**The task:** Transcribe nothing except the lines below that run from the one with "7.2.10 Erin Buttoned" to the one with "李宁加绒保暖卫衣男女同款秋冬复古宽松情侣款圆领运动上衣AWDTC49 【加绒】乳白色-1 M", ends included, and do not copy any picture.

**Input records:**

--- --- ---

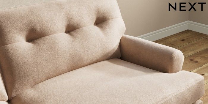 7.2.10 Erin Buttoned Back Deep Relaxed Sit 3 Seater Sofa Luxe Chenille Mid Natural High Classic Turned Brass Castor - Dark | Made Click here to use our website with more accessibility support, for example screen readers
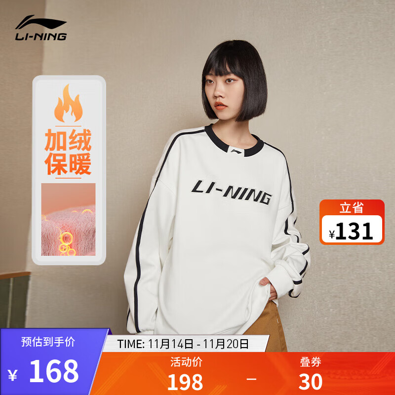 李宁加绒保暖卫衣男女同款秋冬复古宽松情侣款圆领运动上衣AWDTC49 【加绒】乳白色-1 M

--- --- ---

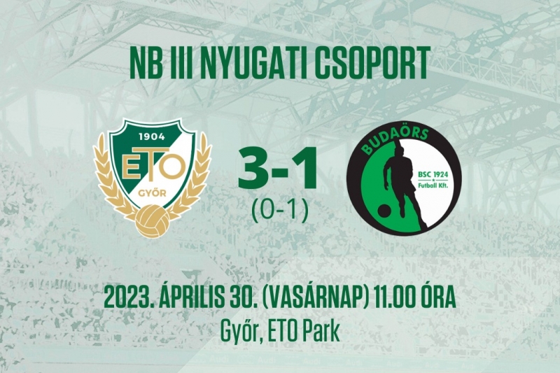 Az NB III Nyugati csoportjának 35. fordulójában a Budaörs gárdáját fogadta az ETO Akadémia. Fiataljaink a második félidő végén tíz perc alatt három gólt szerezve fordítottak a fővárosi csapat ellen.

--- --- ---

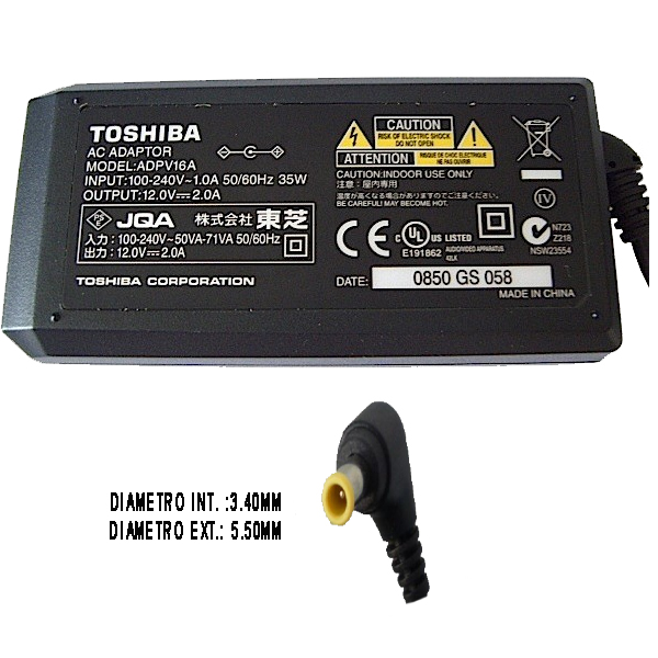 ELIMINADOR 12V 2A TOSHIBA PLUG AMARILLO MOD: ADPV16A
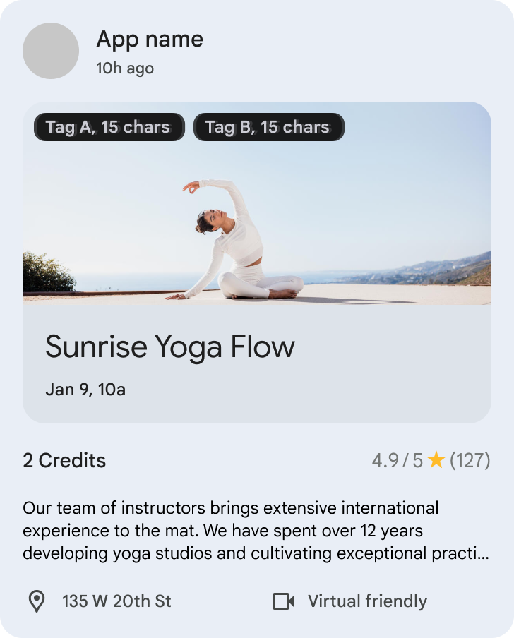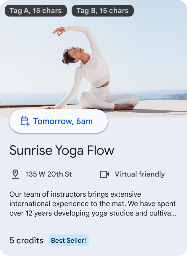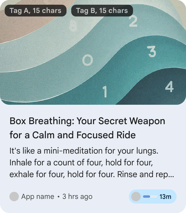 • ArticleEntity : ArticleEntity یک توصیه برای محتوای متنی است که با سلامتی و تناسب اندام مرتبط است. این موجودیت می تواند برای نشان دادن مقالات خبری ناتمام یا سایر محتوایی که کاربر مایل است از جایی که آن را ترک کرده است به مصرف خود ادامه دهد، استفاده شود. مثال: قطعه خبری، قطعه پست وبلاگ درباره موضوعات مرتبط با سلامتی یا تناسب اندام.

--- --- ---

**Exercise output:**
 7.2.10 Erin Buttoned Back Deep Relaxed Sit 3 Seater Sofa Luxe Chenille Mid Natural High Classic Turned Brass Castor - Dark | Made Click here to use our website with more accessibility support, for example screen readers
 李宁加绒保暖卫衣男女同款秋冬复古宽松情侣款圆领运动上衣AWDTC49 【加绒】乳白色-1 M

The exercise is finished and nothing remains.